As for myself I feel exhausted all the time, and have not noticed a change in that before or after my period.


----------



## DawnD (Sep 23, 2009)

I used to get extremely exhausted also. Honestly, the only thing that does help me is the working out. It also helped with my cramps as well. Made them less horrible. ( I had the kind of cramps that keep you balled up under a heating pad for two days lol) The gym, probably more specifically cardio, really helped lessen all of those things for me.


----------



## luvmydarling (Jul 1, 2010)

Like sailorgirl has mentioned, you need more iron. Consider taking iron supplements or include more iron in your diet. This happens with me too. I get so exhausted on the earlier day and the first day that I cannot do anything. I just feel like sleeping for 12-15 hours, while when i am my normal self i just sleep 6-7 hours daily(the usual night's sleep). I feel better when I take iron supplements.


----------



## greenpearl (Sep 3, 2010)

When I have period, I have no energy, totally weak, my mind can't think either. On those days, my posts are just rambling, I myself don't even know what I am saying. 

I don't just get tired, I get impatient too. Very easily to be irritated. On those days I don't have the ability to ignore the small stuff. 

I really dislike this part of a woman. 

But I read that we actually should be happy we still have period. when our periods stops, it is the real sign that we are entering the old age, skin starts to dry, organs start to become weak.................


----------



## major misfit (Oct 17, 2010)

greenpearl said:


> When I have period, I have no energy, totally weak, my mind can't think either. On those days, my posts are just rambling, I myself don't even know what I am saying.
> 
> I don't just get tired, I get impatient too. Very easily to be irritated. On those days I don't have the ability to ignore the small stuff.
> 
> ...



I would GLADLY deal with some dry skin and old organs at this point. (I can moisturize, lol) I don't even care if it means I'm getting old. There are worse things in life. There is NOTHING about this to be glad about. 
I am 52...and still as regular as it gets. You can set your calendar by me. No signs of slowing down. I HATE IT. HATEHATEHATE it. It's been long enough, time for it to stop now. A lifetime of periods...it's gotta go. They can take it out, chop it up and feed it to the wolves for all I care (no offense to the Wolf lovers...my SO is one as well). Burn it. Give it to someone else. I don't CARE anymore, I just want it out.
I suffer every stinkin' month. Severe headaches, the fatigue is not to be believed...and there are things that one just doesn't type out in ANY public forum. Mood swings. Cramping that has me under a heating pad and downing Midol as often as the box will let me. I have tried everything under the sun..and I still suffer. 
OP...I can relate.


----------



## Blanca (Jul 25, 2008)

major misfit said:


> I would GLADLY deal with some dry skin and old organs at this point. (I can moisturize, lol) I don't even care if it means I'm getting old. There are worse things in life. There is NOTHING about this to be glad about.


:rofl::iagree:

im looking forward to getting older. i know there's a pill out one can take that makes periods only a couple of days and if i didnt think i would get cancer from taking it, id do it! my periods are seven days long, every 20 days and i bleed heavily. i also have horrible cramps that leave me curled up in bed all day. luckily ive been off work the last three days so i was able to stay home for the worst of it this time. its just miserable when im forced to go all day like this. 
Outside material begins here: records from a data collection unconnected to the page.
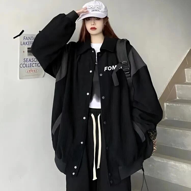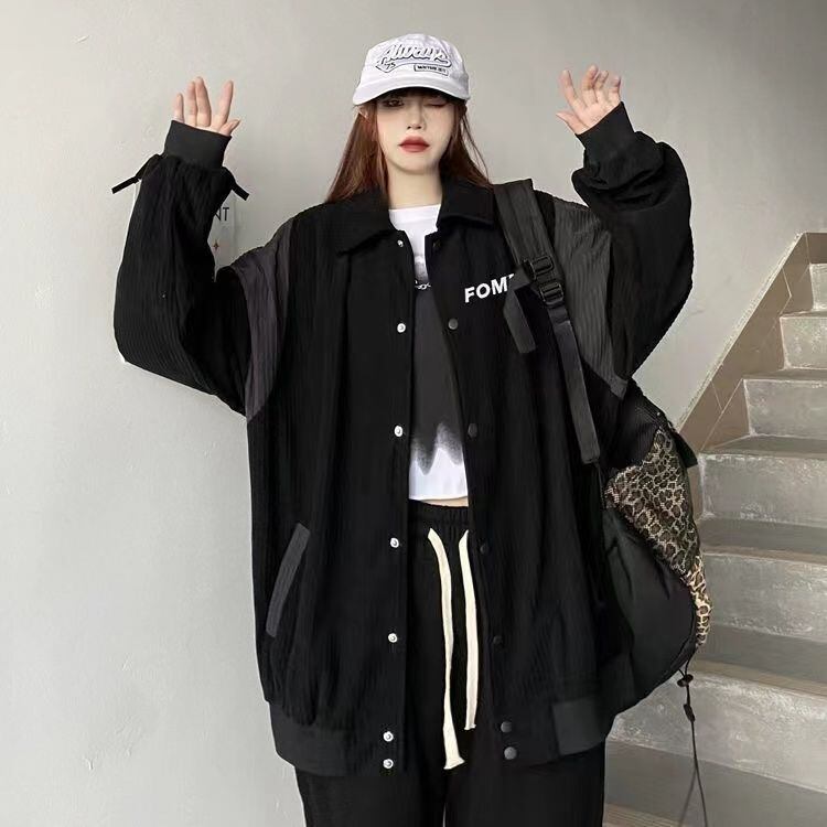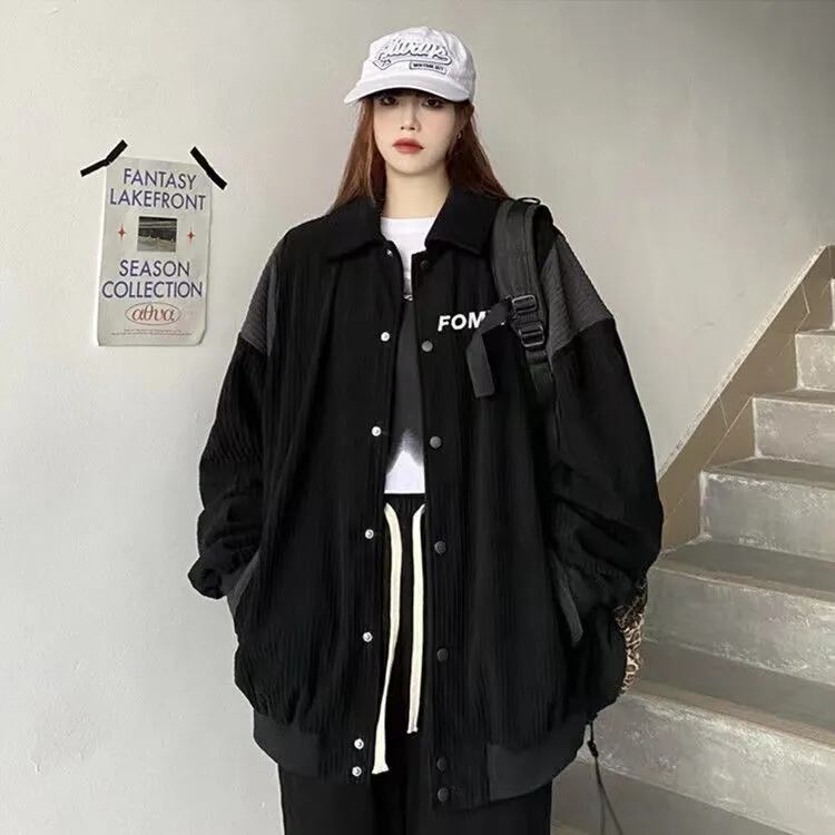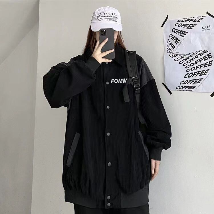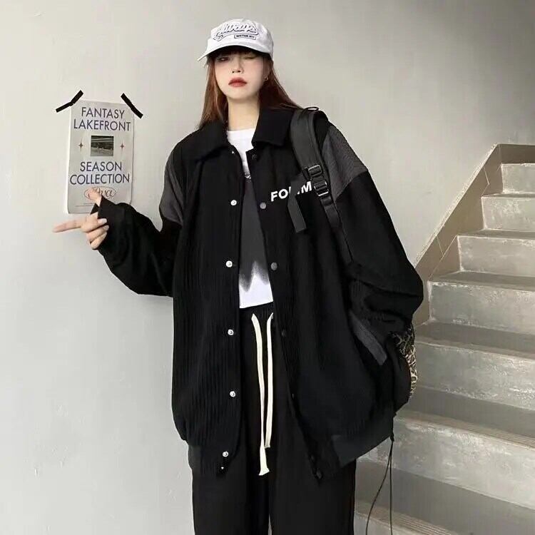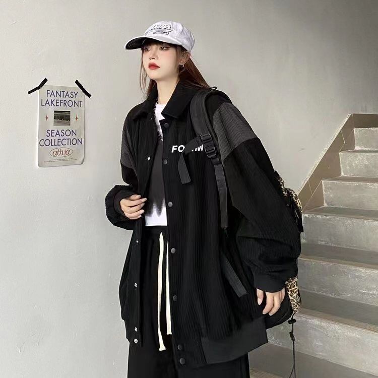 送料無料 Gidyq レディース コーデュロイ ベースボール ジャケット 秋 パッチワーク ルーズ アウター すべてマッチ ストリートウェア コート オータム 秋物 AE008077666350727275
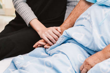 Close up granddaughter takes care of the health sick grandmother at home by holding hands. Lifestyle support the love of the family.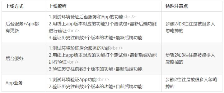App业务必定要靠后台服务的支持,上线的时候如果涉及到后台业务更新,这时候就要特别注意了,因为app上线有个审核过程,因此不可避免的后端服务要先上线,所以要提前验证下最新后台服务对当前线上app版本是否支持,另外有些用户可能还不会实时更新app版本,所以最好对app当前往前数历史3个版本的功能都进行下验证,否则新服务上了以后很容易造成线上bug,这个是大家需要格外注意的。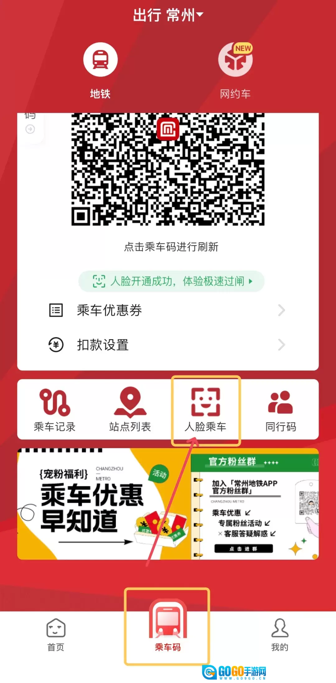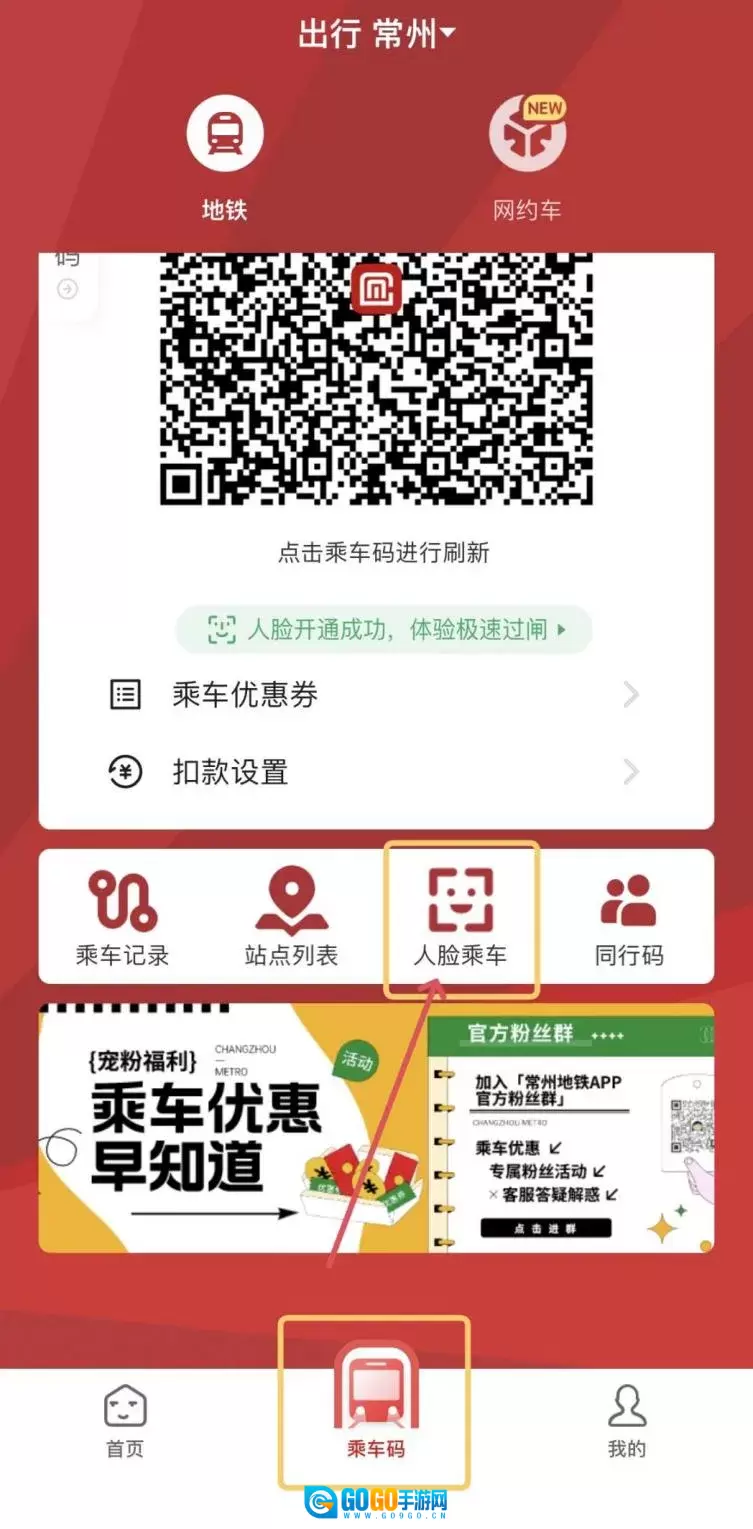 8. 乘客在【乘车码】页面的下方,点击【人脸乘车】功能。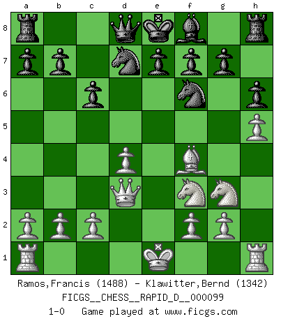 Last move : 1-0 2016 July 17 13:58:44 [Event "FICGS__CHESS__RAPID_D__000099"] [Site "FICGS"] [Date "2016.04.03"] [Round "1"] [White "Ramos,Francis"] [Black "Klawitter,Bernd"] [Result "1-0"] [WhiteElo "1488"] [BlackElo "1342"] 1.e4 c6 2.d4 d5 3.Nc3 dxe4 4.Nxe4 Bf5 5.Ng3 Bg6 6.h4 h6 7.Nf3 Nd7 8.h5 Bh7 9.Bd3 Bxd3 10.Qxd3 Ngf6 11.Bf4 1-0 This chess game has been lost on time (started : 2016.04.03 3:31:20) Caro-Kann : Classical, 7...Nd7 Player White won this chess game. Follow this game move after move (download)Though most people love to look at the games of the great attacking masters, some of the most successful players in history have been the quiet positional players. They slowly grind you down by taking away your space, tying up your pieces, and leaving you with virtually nothing to do ! (Yasser Seirawan) Sitze auf Deine Hände. (Siegbert Tarrasch) El Ajedrez es en su esencia, un juego. En su forma, un arte. Y en su ejecución, una ciencia. (Baron Tassilo) Aux échecs, l'amour-propre est satisfait quand on remporte la victoire, mais il n'y a pas de honte à être battu. (Benjamin Franklin) Every vice is only an exaggeration of a necessary and virtuous function. (Ralph Waldo Emerson, Journals 1936)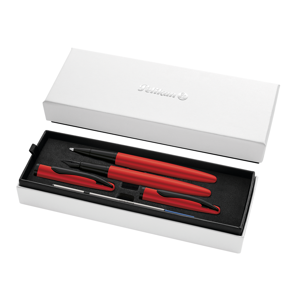 Opis produktuZasady bezpieczeństwaSpójny design i eleganckie wykończenie dla miłośników harmonii i stylu Pióro wieczne ze stalówką M zapewnia płynne i precyzyjne pisanie Pióro kulkowe na naboje atramentowe czyste i wygodne w obsłudze Oba przybory wyposażone w sprężynowy klips w kształcie dziobu pelikana Znakomite wyważenie zwiększa komfort użytkowania Metalowe elementy w 100% nadające się do recyklingu ekologiczny wybór x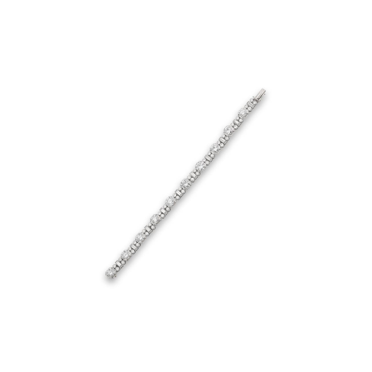 Set with circular-cut and baguette diamonds, length approximately 165mm, signed Mauboussin, numbered, French assay marks for gold and platinum.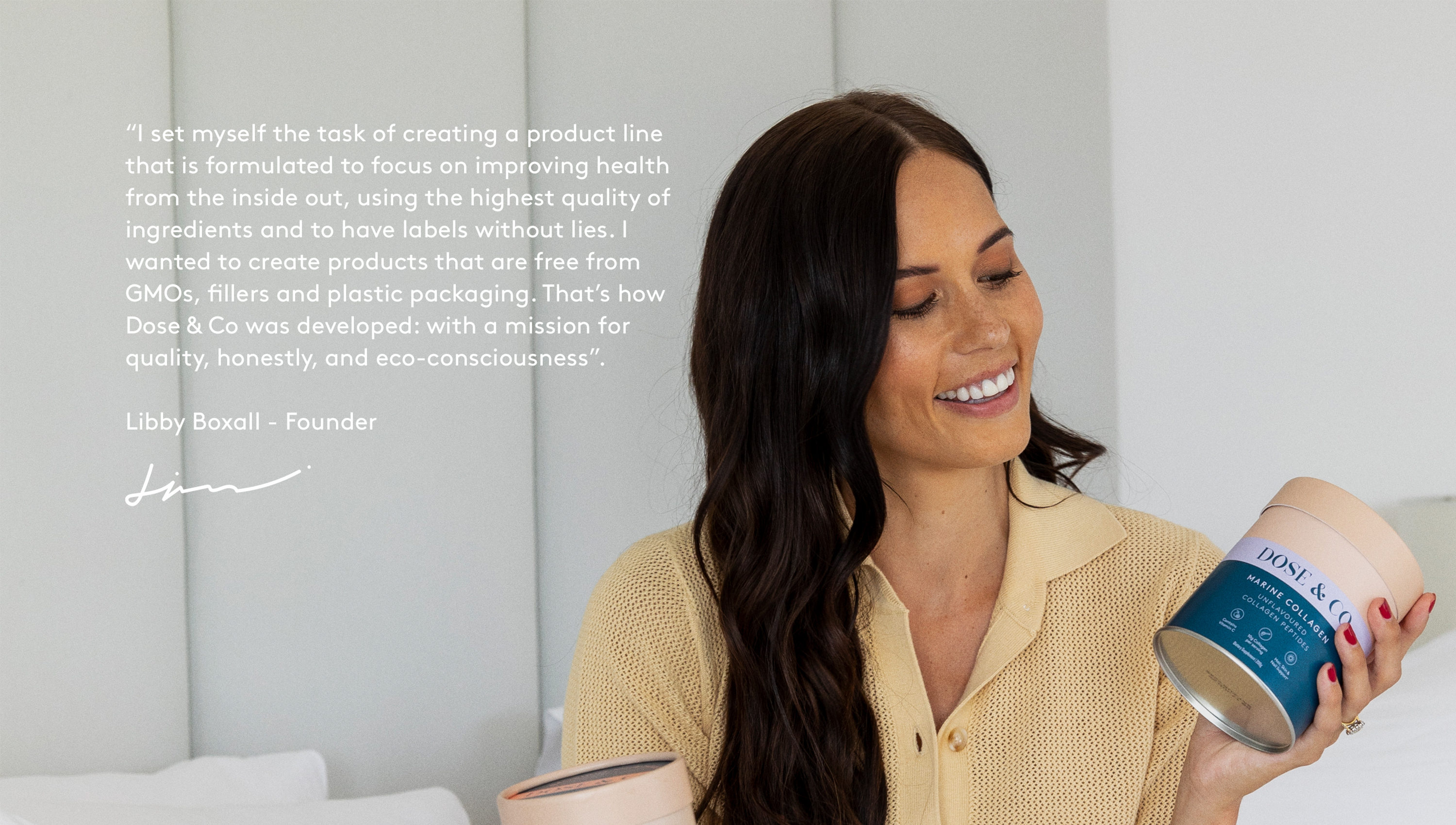 DOSE AND CO: We're believers in nourishing the body from the inside out, with effortless, everyday self care. That's the Dose & Co difference. A range of premium collagen products designed to fit seamlessly into your daily routine - wherever your day might take you.

Thank you ladies for your replies. i know i need to start working out again. im sure that is a big part of it. but i dont know about taking a vitamin supplement because i already take a one-a-day women's vitamin that has 100% of my daily iron. if i take any additional iron i might overdose, which ive heard its really easy to over dose on iron.


----------



## lace5262 (Oct 13, 2010)

I get exausted and COLD. Cannot get warm at.all. As for cramps, I get a month on and a month off. So if I feel like I'm dying this month, I know I'll be okay next month. lol


----------



## Rob774 (Sep 27, 2010)

My wife had TL, and since then, her cycles last about 1.5 weeks, which sucks for us, her for the uncomforableness, and me for no sex.


----------



## major misfit (Oct 17, 2010)

Rob774 said:


> My wife had TL, and since then, her cycles last about 1.5 weeks, which sucks for us, her for the uncomforableness, and me for no sex.


I was 42 when I'd had my tubal..after my last child..(didn't want to risk that again, even though I adore him). That was when mine amped up considerably. My mother and sister both had to have hysterectomies after tubals. Makes me wonder sometimes....


----------



## BoardNMom (Jan 10, 2011)

I have been this way a lot lately. It seems worse the last year than it had been before also. I'm 36 now and have a pretty full schedule so that probably doesn't help. I work full time, take a full time course load, coach 2 soccer teams, volunteer at my kids schools and try to keep up my workouts in between that and all my kids other activities. I have even had my iron checked before and tried vitamins. I do notice if I don't eat right and lay off of the soft drinks during that time it's even worse. I try to eat more fruits and drink more water and like DawnD suggested get more exercise. Somedays I'm so tired I have to make myself workout but if I do cardio those days I feel so much better after and have much more energy.


----------



## Blanca (Jul 25, 2008)

BoardNMom said:


> I work full time, take a full time course load, coach 2 soccer teams, volunteer at my kids schools and try to keep up my workouts in between that and all my kids other activities.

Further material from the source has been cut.